* Work to complete
Exactly and only the lines below from the one containing "1月4日,习近平在中共中央政" down to the one containing "Sinds wij voor" are wanted, both included; please exclude every picture.

* Exercise data
###

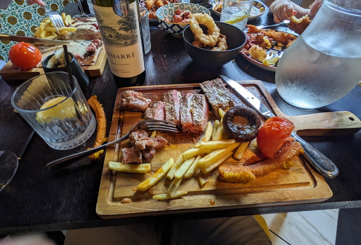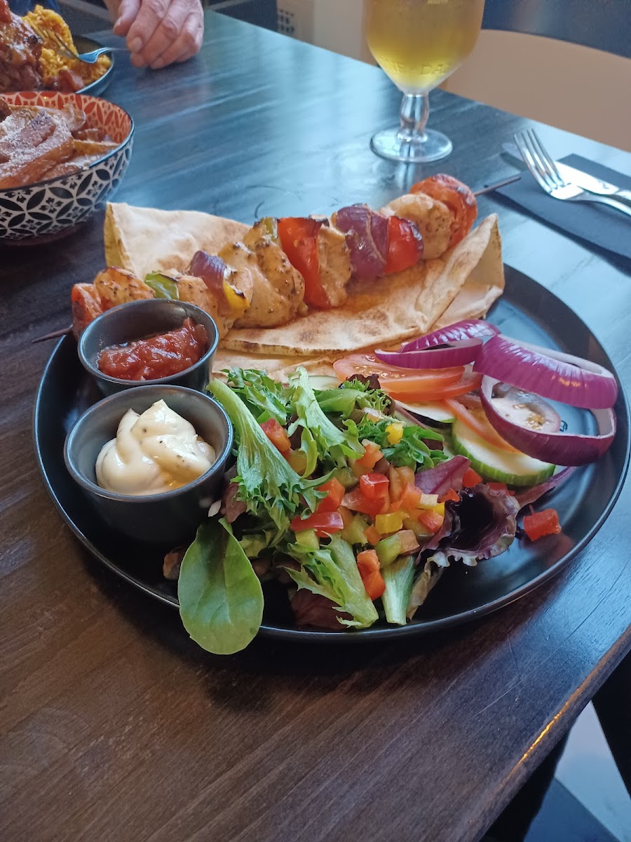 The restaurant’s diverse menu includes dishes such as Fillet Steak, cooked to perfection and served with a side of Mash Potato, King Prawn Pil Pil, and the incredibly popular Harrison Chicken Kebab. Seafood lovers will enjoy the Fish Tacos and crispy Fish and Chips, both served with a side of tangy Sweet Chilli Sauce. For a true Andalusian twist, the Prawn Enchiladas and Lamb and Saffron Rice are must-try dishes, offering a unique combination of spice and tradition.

###

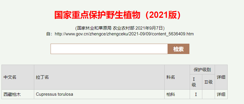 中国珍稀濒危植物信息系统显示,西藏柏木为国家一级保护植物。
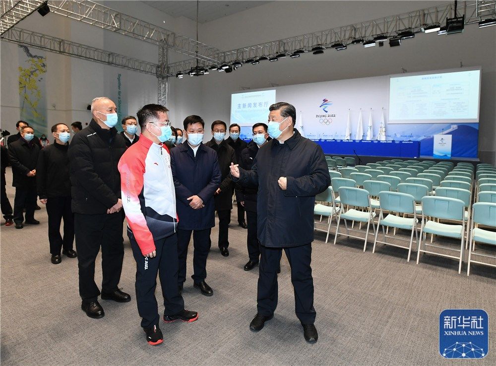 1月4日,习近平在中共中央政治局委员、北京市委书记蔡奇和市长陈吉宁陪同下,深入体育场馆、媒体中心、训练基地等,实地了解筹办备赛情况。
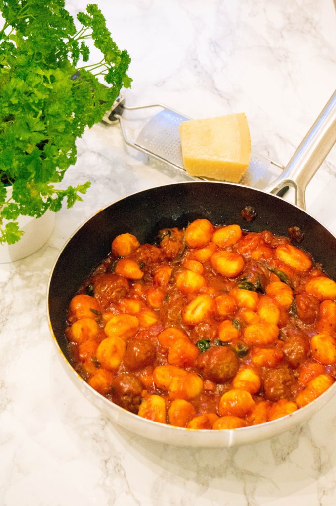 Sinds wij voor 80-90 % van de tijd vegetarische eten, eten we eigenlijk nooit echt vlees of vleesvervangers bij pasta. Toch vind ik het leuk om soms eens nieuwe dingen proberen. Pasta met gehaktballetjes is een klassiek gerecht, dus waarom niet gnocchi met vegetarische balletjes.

###

* Problem solution
 1月4日,习近平在中共中央政治局委员、北京市委书记蔡奇和市长陈吉宁陪同下,深入体育场馆、媒体中心、训练基地等,实地了解筹办备赛情况。
 Sinds wij voor 80-90 % van de tijd vegetarische eten, eten we eigenlijk nooit echt vlees of vleesvervangers bij pasta. Toch vind ik het leuk om soms eens nieuwe dingen proberen. Pasta met gehaktballetjes is een klassiek gerecht, dus waarom niet gnocchi met vegetarische balletjes.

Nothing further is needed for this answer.